Cash cows
Austin home sellers pocket some of fattest profits in the country, shows report
Homebuyers in the Austin area are rightfully complaining about the continuing ascent of home prices. Home sellers, however, are cheering.
In the Austin area, the typical home sale in the third quarter of 2021 generated a 70.9 percent profit for the seller — the 12th highest profit margin among U.S. metro areas. In dollar terms, the typical area home sold for $192,656 more in the third quarter than it was purchased for. The typical sale price was $465,000.
ATTOM Data Solutions collected the profit data, which was reported by the 24/7 Wall St. website.
“Surging home values are partially a product of growing demand, which is fueled in part by low mortgage rates. These conditions have created a seller’s market unlike anything seen in recent memory,” 24/7 Wall St. says.
In Austin, much of the housing demand is spiking around the future Apple campus in Northwest Austin, the current Oracle campus in East Austin, the Tesla factory under construction just east of Austin, and the Samsung factory set to be built just outside Taylor.
Residential real estate platform Orchard looked at the median home price in a 10-mile radius of each of those four sites to get a sense of how home prices have been affected.
Near the future Apple campus, the median sale price of a home jumped from $336,750 in the third quarter of 2020 to $489,000 in the third quarter of 2021, a difference of 45 percent, according to Orchard.
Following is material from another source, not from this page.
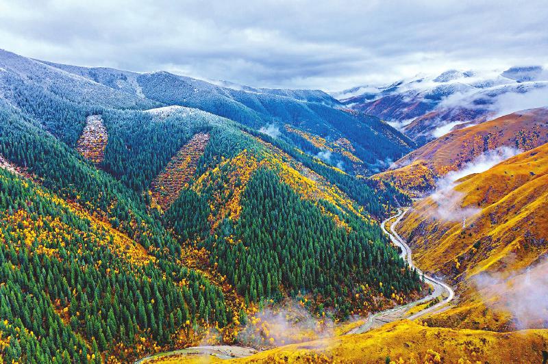 10月27日,阿壩縣以茸安—柯河峽谷為代表的高山峽谷、原始森林生態(tài)系統(tǒng)自然景觀(guān)區(qū)內(nèi),彩林紅了,山頂降雪變白了。用旦 攝

In the area surrounding the Tesla plant, the median sale price during the same period went from $437,050 to $534,502, an increase of 22.3 percent.
Near the Oracle campus, the median sale price rose from $416,000 to $585,000, or 40.6 percent.
Among the four high-tech hubs studied by Orchard, the 10-mile area around the future Samsung plant saw the biggest price increase from the third quarter of 2020 to the third quarter of 2021. In that pocket of the Austin area, the median sale price shot up by 48.9 percent — from $271,906 to $405,000.
“You’d be hard-pressed to find an area of Austin that isn’t more difficult to buy a house in compared to last year,” Orchard observes. “But as the city continues to build out its roster of tech giants and attracts even more workers, look for home values near these hot spots to climb even higher — especially in emerging satellite towns like Taylor.”
The ATTOM Data Solutions figures cover all U.S. metro areas with populations of at least 200,000 and at least 1,000 single-family home and condo sales in the third quarter of this year.
Nationwide, the profit margin — the gap between purchase and resale prices — of a typical single-family home sold in the third quarter of this year was 47.6 percent, equivalent to a profit of $100,178, according to the ATTOM numbers.
The Boise, Idaho, metro area led the profit pack. In the third quarter, the typical home sale produced a 130.3 percent profit for the seller. In dollar terms, the typical area home sold for $251,989 more than it was purchased for. The typical sale price was $445,313.